Abbas accused Israel of seeking to wipe out the Arab identity of Jerusalem through “ethnic cleansing” and insisted that Israeli-annexed east Jerusalem must be the capital of any future Palestinian state.
“We have always said that Jerusalem is the jewel in the crown and the gate to peace,” he said.
Ban urged Arab leaders to facilitate Israeli-Palestinian “proximity” talks, saying “our common goal should be to resolve all final-status issues within 24 months.”
He also reiterated that Israel’s settlement activity in mainly Arab east Jerusalem was “illegal” and stressed Jerusalem must emerge “as the capital of two states.”
Turkish Prime Minister Recep Tayyip Erdogan, another guest speaker, blasted Israel’s policy of dealing with the whole of Jerusalem as its united capital as "madness."
"Jerusalem is the apple of the eye of each and every Muslim… and we cannot at all accept any Israeli violation in Jerusalem or in Muslim sites," Erdogan said.
Italian Prime Minister Silvio Berlusconi, who was likewise invited by Libyan leader Moamer Qaddafi to address the summit, said "now is the time to give peace a chance."
"We have the possibility, we have the responsibility and we feel the urgency," he said.
Fresh US efforts to broker indirect Israeli-Palestinian peace talks earlier this month were still-born when Israel announced plans to build 1,600 new homes for Jewish settlers in east Jerusalem.
The timing of the announcement during a visit to Israel by US Vice President Joe Biden enraged Washington and the Palestinians, who just days earlier had agreed to give peace talks another chance after a year-long hiatus.

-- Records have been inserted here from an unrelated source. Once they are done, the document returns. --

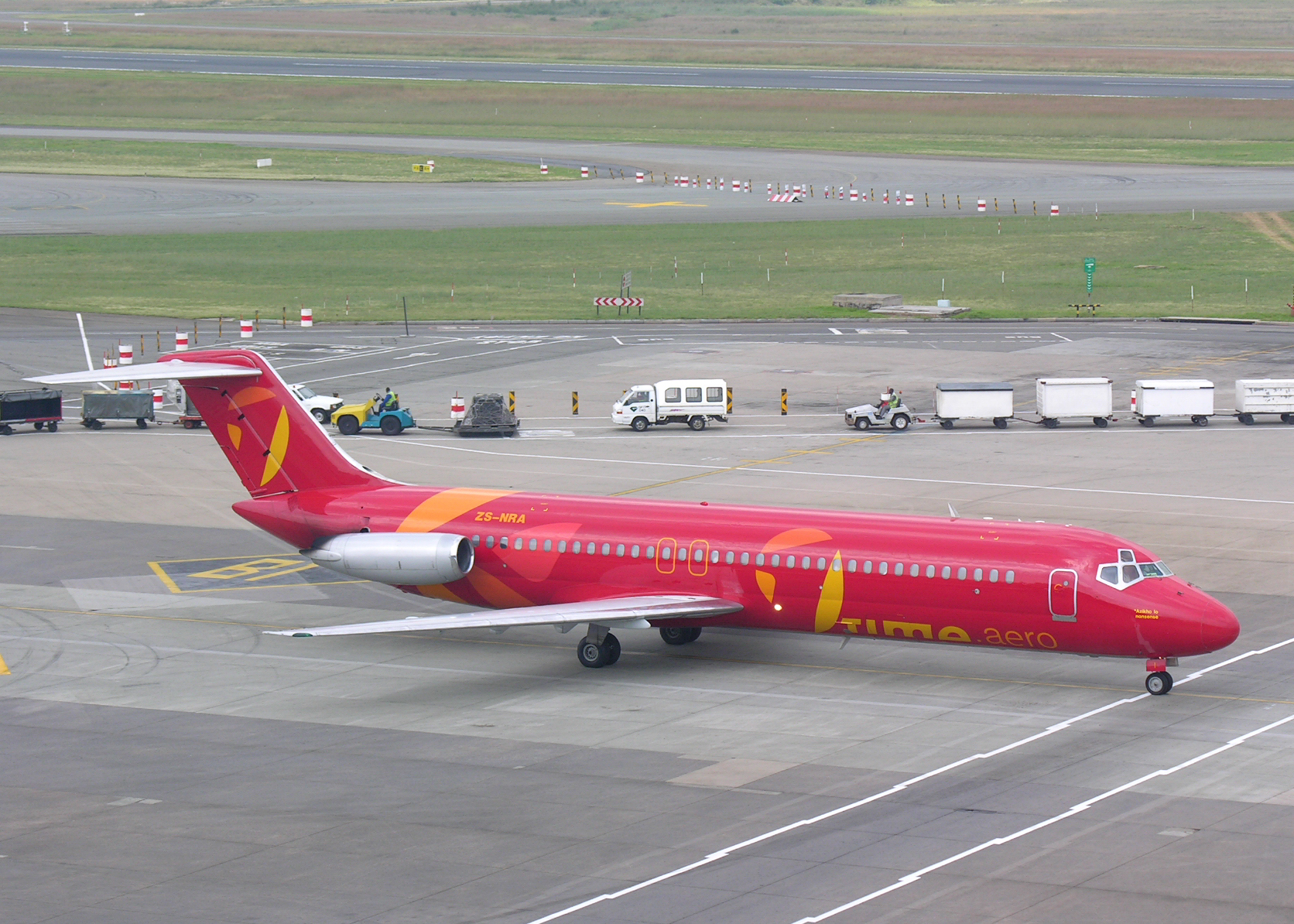 South Africa, 1time Douglas DC-9-32 ZS-NRA taxiing at Johannesburg's O.R. Tambo International Airport
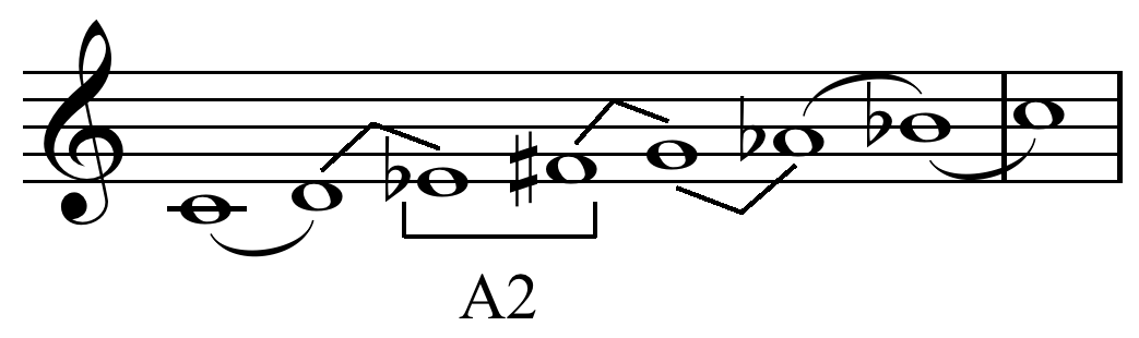 Minor Gypsy Scale on C - Treble Clef
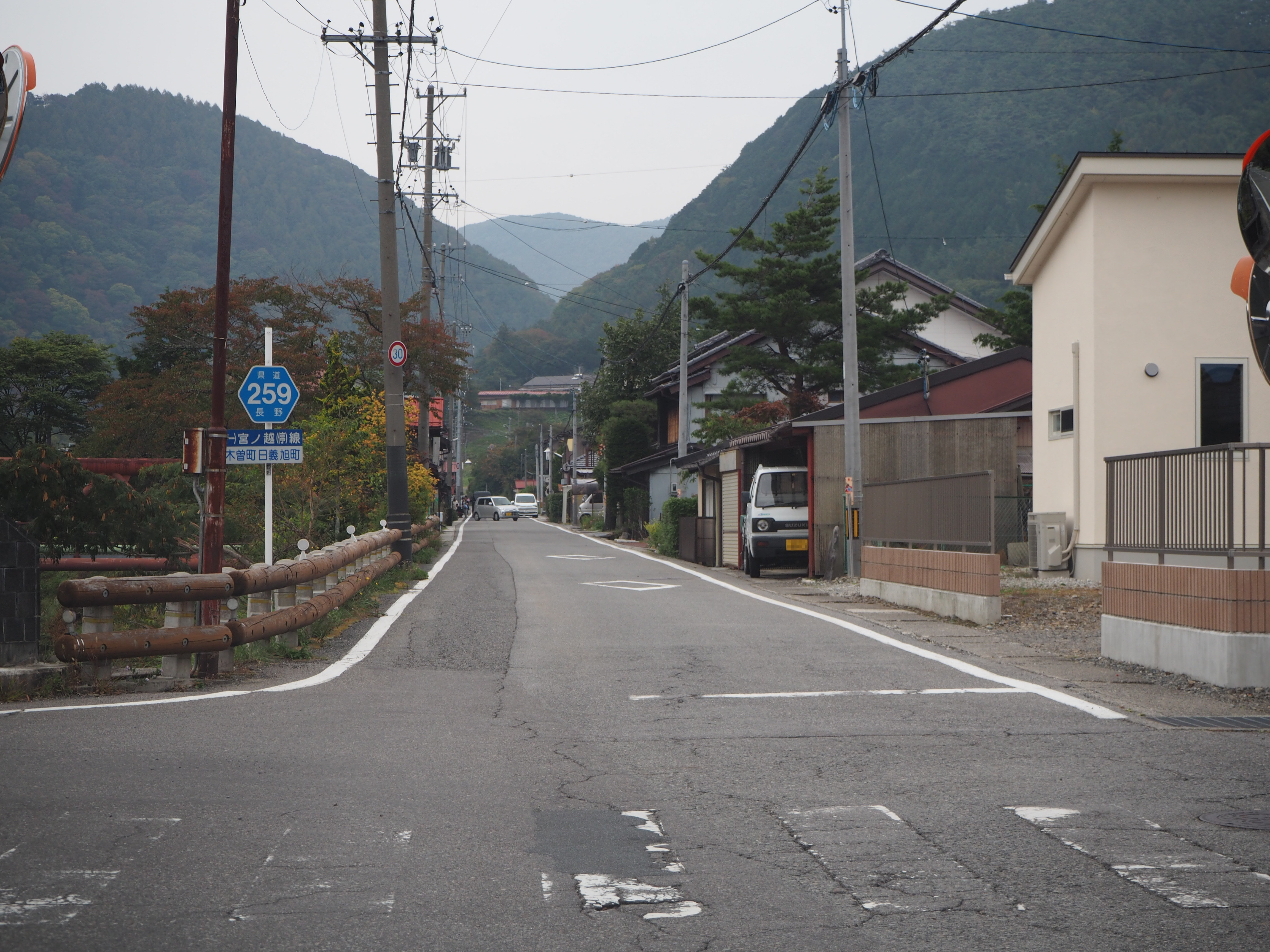 Nagano Prefectural road 259
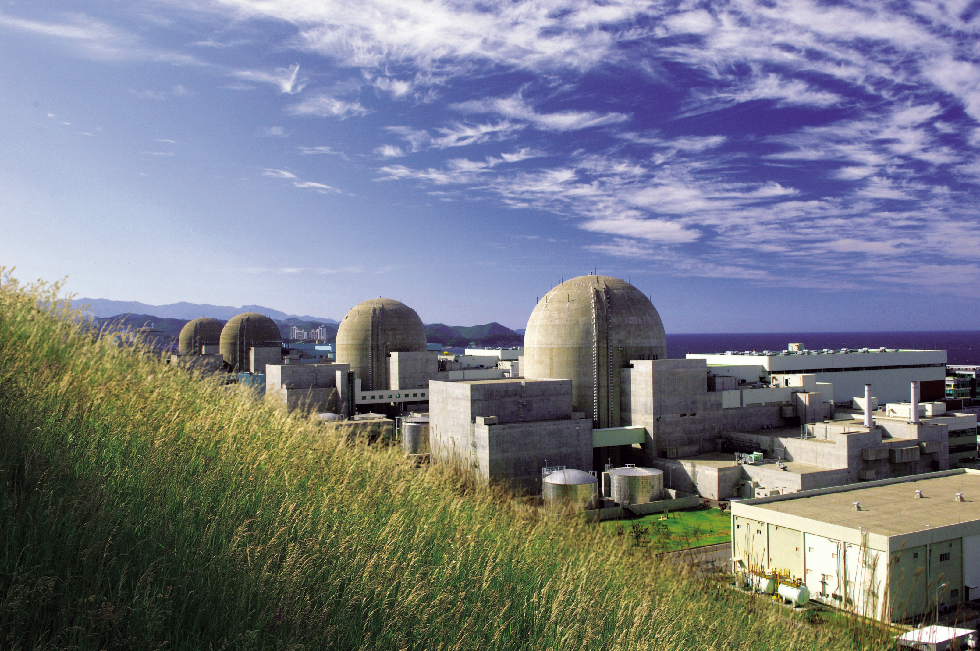 Korea Ulchin Nuclear Power Plant Photo Credit: Korea Ulchin NPP
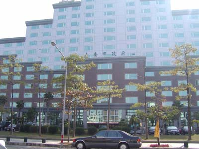 Yonghua Civic Center, Tainan City Government.

Arab leaders from both the pro-Western and radical camps have also been angered by the opening of a restored 17th-century synagogue near east Jerusalem’s Al-Aqsa mosque compound, the third-holiest site in Islam.
The 13 Arab leaders attending the summit along with Qaddafi are due to adopt a resolution to raise $500 million dollars in aid to improve living conditions for Jerusalem Palestinians.
After a plenary session for speeches, the leaders broke for lunch and returned for talks behind closed doors before wrapping up the first day of meetings.
Arab League chief Amr Moussa, who said before the summit that peace talks with Israel had become "pointless," asked the leaders on Saturday to examine "the chances of failure of the peace process" due to Israel’s policies.
He also said the Arabs should open a dialogue with Iran, which is locked in a dispute with the West over its controversial nuclear program, and set up an "Arab Neighborhood Zone" that would include the Islamic republic and Turkey.
"I understand that some of us have concerns about Iranian positions. This does not rule out but maybe confirms the need for a dialogue in order to define our future relations with Iran, with whom we differ on many issues," he said.
Egyptian Foreign Minister Ahmed Aboul Gheit told reporters that the afternoon session discussed Moussa’s proposal on Iran "but most of the Arab countries don’t welcome this for now." He did not elaborate.
The Arab summit follows the worst violence in the blockaded Gaza Strip in 14 months, and comes after Israeli Prime Minister Benjamin Netanyahu rejected anew on Friday international calls to stop settlement building in east Jerusalem.
Israeli tanks carried out an incursion into southern Gaza and killed a Palestinian militant on Saturday after the army lost two soldiers in clashes the previous day along the border with the coastal strip.
The Sirte gathering is the first annual summit to be hosted by the maverick Qaddafi, who considers Israel an implacable "enemy" of the Arabs.